Task objective:
Which lines of the data include the string "with"? List them all.

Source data
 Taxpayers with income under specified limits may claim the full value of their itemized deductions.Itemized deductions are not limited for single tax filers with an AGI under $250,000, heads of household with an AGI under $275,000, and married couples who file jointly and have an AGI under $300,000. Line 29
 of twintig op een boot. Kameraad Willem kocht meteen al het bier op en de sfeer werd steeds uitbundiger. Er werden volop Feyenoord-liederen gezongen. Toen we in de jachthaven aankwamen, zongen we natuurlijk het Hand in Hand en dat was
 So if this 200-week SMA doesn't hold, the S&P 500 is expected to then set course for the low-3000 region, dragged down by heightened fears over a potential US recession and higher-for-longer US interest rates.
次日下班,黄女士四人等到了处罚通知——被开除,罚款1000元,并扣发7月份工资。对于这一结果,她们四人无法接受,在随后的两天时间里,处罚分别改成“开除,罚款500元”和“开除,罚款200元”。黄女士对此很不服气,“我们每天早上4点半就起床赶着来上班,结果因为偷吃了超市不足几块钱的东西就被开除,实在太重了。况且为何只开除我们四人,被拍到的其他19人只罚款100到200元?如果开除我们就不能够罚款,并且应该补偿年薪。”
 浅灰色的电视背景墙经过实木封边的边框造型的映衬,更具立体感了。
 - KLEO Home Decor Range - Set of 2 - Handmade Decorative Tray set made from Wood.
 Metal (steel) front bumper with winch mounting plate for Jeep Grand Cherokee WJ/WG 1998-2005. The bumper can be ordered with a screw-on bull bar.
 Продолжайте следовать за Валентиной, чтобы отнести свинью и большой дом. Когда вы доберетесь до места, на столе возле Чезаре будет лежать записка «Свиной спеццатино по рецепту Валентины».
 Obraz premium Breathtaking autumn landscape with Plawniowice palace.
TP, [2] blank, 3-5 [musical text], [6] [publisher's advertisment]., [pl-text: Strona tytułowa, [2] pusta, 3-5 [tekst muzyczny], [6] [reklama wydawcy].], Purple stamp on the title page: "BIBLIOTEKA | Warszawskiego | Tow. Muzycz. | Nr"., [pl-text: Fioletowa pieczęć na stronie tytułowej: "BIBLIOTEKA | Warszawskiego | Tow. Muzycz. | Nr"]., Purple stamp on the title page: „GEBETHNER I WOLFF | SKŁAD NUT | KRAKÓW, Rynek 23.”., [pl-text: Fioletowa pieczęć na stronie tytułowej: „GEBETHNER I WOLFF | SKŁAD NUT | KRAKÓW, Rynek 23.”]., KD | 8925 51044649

Your response:
 Taxpayers with income under specified limits may claim the full value of their itemized deductions.Itemized deductions are not limited for single tax filers with an AGI under $250,000, heads of household with an AGI under $275,000, and married couples who file jointly and have an AGI under $300,000. Line 29
 Metal (steel) front bumper with winch mounting plate for Jeep Grand Cherokee WJ/WG 1998-2005. The bumper can be ordered with a screw-on bull bar.
 Obraz premium Breathtaking autumn landscape with Plawniowice palace.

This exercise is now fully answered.